A big test for the bulls

Wow! When I wrote about the likelihood of a sideways consolidation yesterday, I never dreamed that the markets would rally to the top of the trading range so quickly. As the chart of SPY below shows, it was a big follow-through day on low volume, which is not a typical sign of the start of a bullish impulse. True, volume was low because of the Columbus Day semi-holiday, but it was nevertheless a low volume follow-through (see my previous comment here about the O'Neill technique for spotting technical confirmations of market bottoms). Moreover, the market appears to be approaching a resistance zone where it has failed in the past.


Looking at the Euro STOXX 50, it too shows a similar pattern of approaching a resistance zone.



Yields on long Treasuries are also nearing a resistance area. In this case, they are nearing a downtrend that began in August, which remains intact.


Similarly, the VIX Index is approaching a support level, indicating that equities may have difficulty advancing from current levels.



Even if this were a genuine upleg, I don't believe that the market is likely to overcome resistance in the near term, largely because of the low volume nature of the move and a stunning reversal in sentiment.


A stunning reversal in sentiment
Further to my post yesterday that indicated no signs of capitulation from sentiment models, I awoke on Monday morning to see the Ticker Sense Sentiment Poll, to which I am a participant*, show that over 50% of bloggers are bullish.

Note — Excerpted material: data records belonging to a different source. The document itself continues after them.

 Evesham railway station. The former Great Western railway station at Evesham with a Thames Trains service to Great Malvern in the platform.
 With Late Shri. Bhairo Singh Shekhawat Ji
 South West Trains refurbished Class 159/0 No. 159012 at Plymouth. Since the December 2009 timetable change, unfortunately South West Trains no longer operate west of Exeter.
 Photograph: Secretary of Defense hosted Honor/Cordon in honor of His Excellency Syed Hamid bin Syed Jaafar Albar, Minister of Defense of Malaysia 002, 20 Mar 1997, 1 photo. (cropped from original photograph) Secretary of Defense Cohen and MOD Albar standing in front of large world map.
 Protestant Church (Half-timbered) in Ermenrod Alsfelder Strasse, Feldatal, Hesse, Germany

Contrast that with the readings from the previous week showing over 50% bearish:

My inner trader wants to start legging into some short positions at current levels with carefully defined stop losses as he believes that the downside risk from putting on shorts is likely to be limited.


* For the record: My vote, which has been based on the readings of the Asset Inflation-Deflation Timer Model, were bearish for the both weeks in question.

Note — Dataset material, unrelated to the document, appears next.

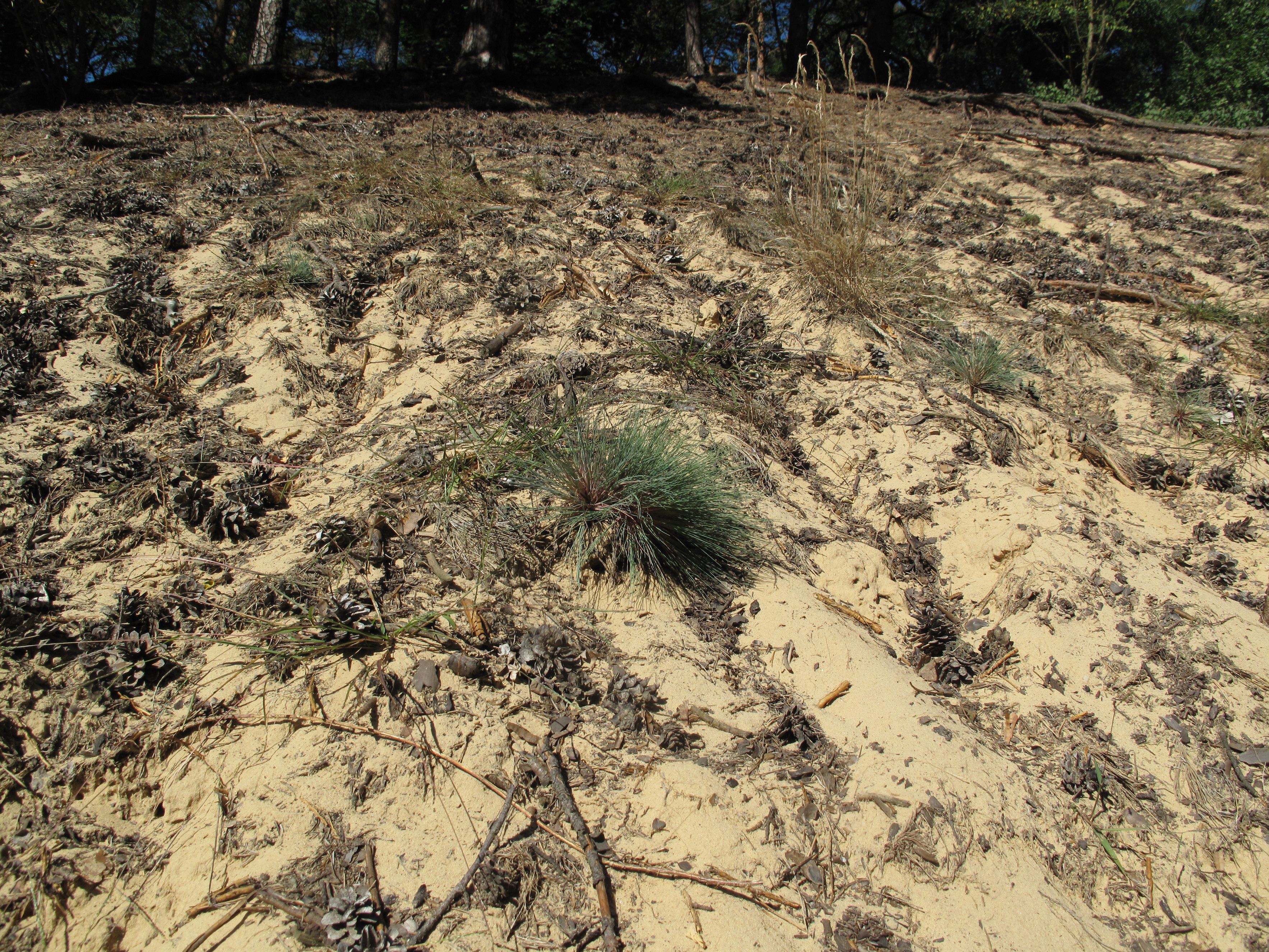 The „Binnendüne Waltersberge“ is one of the largest inland dunes in Brandenburg, Germany. The dune is situated in the town Storkow, District Oder-Spree, just over the eastern border of the Dahme-Heideseen Nature Park. The centre of the area, which covers about 14 hectare, is designated as a Naturschutzgebiet (protected area) and Natura 2000-area. Nearly just beside the northern bank of the Großer Storkower See (lake), rises above the dune with its largest peak, the Storkower Weinberg (69 metres), up to 32 metres over the sea.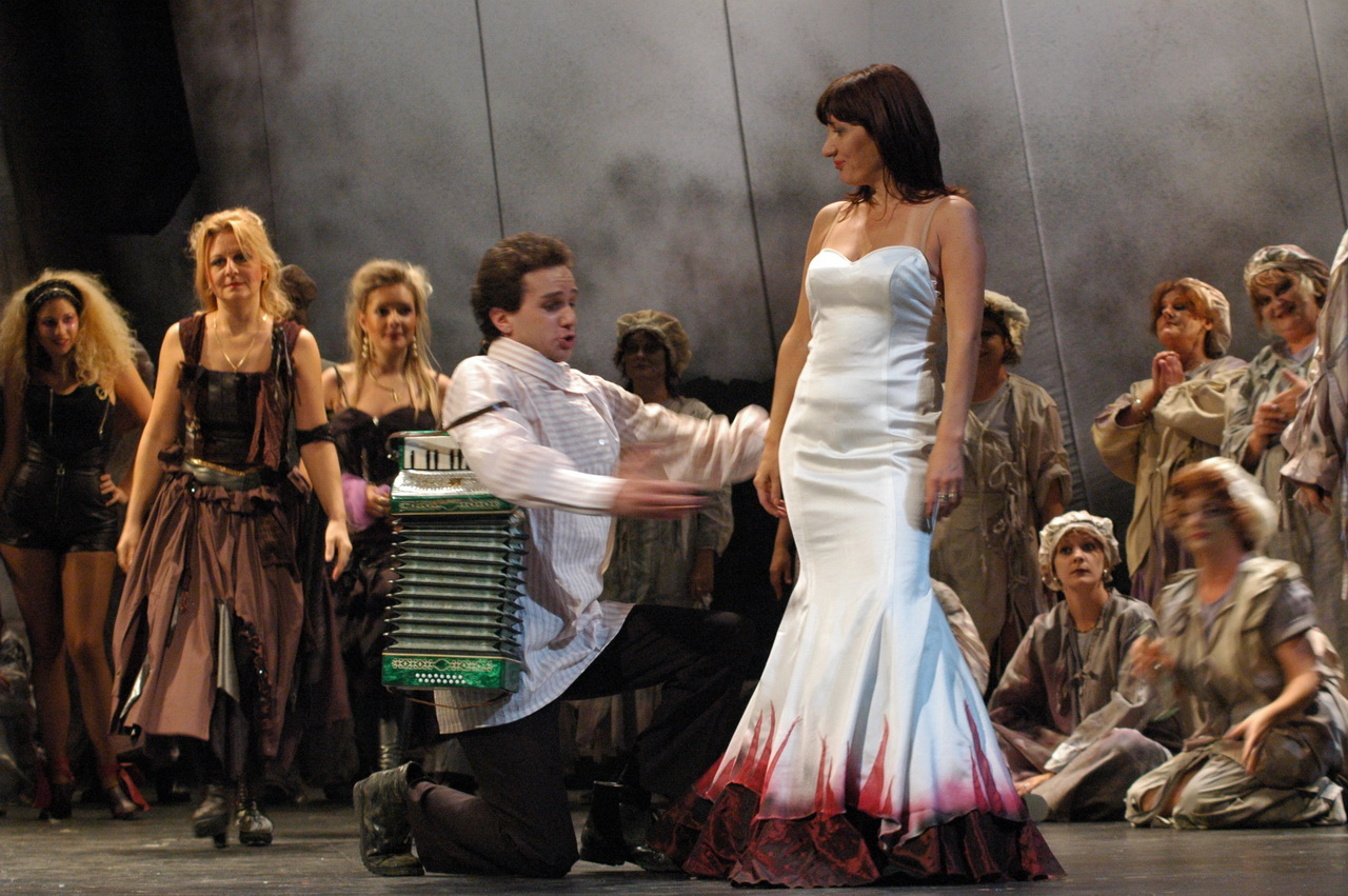 "Katerina Izmailova", an opera by Dmitri Shostakovich; Goran Krneta (bass), Valentina Milenković (soprano), SNT, Novi Sad, 2006/07 Srpski (latinica): "Katarina Izmajlova", opera Dmitrija Šostakoviča; Goran Krneta (bas), Valentina Milenković (sopran), SNP, Novi Sad, 2006/07. Српски (ћирилица): "Катарина Измајлова", опера Дмитрија Шостаковича, Горан Крнета (бас), Валентина Миленковић (сопран), СНП, Нови Сад, 2006/07.

Cam Hui is a portfolio manager at Qwest Investment Fund Management Ltd. ("Qwest"). This article is prepared by Mr. Hui as an outside business activity. As such, Qwest does not review or approve materials presented herein. The opinions and any recommendations expressed in this blog are those of the author and do not reflect the opinions or recommendations of Qwest.

None of the information or opinions expressed in this blog constitutes a solicitation for the purchase or sale of any security or other instrument. Nothing in this article constitutes investment advice and any recommendations that may be contained herein have not been based upon a consideration of the investment objectives, financial situation or particular needs of any specific recipient. Any purchase or sale activity in any securities or other instrument should be based upon your own analysis and conclusions. Past performance is not indicative of future results. Either Qwest or Mr. Hui may hold or control long or short positions in the securities or instruments mentioned.

2 comments:

Michele said...

I'm really glad to see someone else noticed that astonishing reversal in sentiment in the Ticker Sense poll yesterday.

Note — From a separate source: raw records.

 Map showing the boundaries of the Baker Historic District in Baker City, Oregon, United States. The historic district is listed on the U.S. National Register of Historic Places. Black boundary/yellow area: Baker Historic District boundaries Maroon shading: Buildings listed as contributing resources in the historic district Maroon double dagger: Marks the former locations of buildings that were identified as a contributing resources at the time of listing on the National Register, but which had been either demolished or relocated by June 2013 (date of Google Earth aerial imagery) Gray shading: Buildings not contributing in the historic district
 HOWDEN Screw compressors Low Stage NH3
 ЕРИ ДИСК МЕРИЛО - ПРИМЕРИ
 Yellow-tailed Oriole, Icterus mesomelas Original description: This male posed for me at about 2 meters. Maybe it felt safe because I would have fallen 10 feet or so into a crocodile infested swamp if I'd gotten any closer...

I'll admit I went with the crowd, having voted bearish last week but bullish this week. I did so largely on the basis of my observation of the Dow and SPX monthly charts.

The stochastic there is about to put in a bullish crossover and the RSI is oversold and actually putting in a bottom. And SPX has rfound support at the 200 month MA.

Also, the October candle, though admittedly still only half-baked right now is a hammer. I guess we'll see 30 days from now.

Tiho said...

"Wow! I never dreamed that the markets would rally to the top of the trading range so quickly."

Yeah, that is because you were too bearish like majority. Having a narrow minded view always surprises, when the opposite happens.

I think it is not yet the time to short the market for the second and final leg down. The downtrend lasted from... say mid July (or even early May) to early October. That is about two and half months of selling pressure.

I doubt that the counter trend rally, even if it is a relief rally within a bear market, will just fizzles out in one week right here, just because you have some "resistance" lines on a chart. Obviously, the rally has been powerful already so it could, but I wouldn't bet on it - that is all.

Finally, even though everyone expects it to happen, we are in a period of good seasonality starting in November and December. Even during 2008, November and December gave us a great rally and substantial returns into early 2009, before further sell off occurred.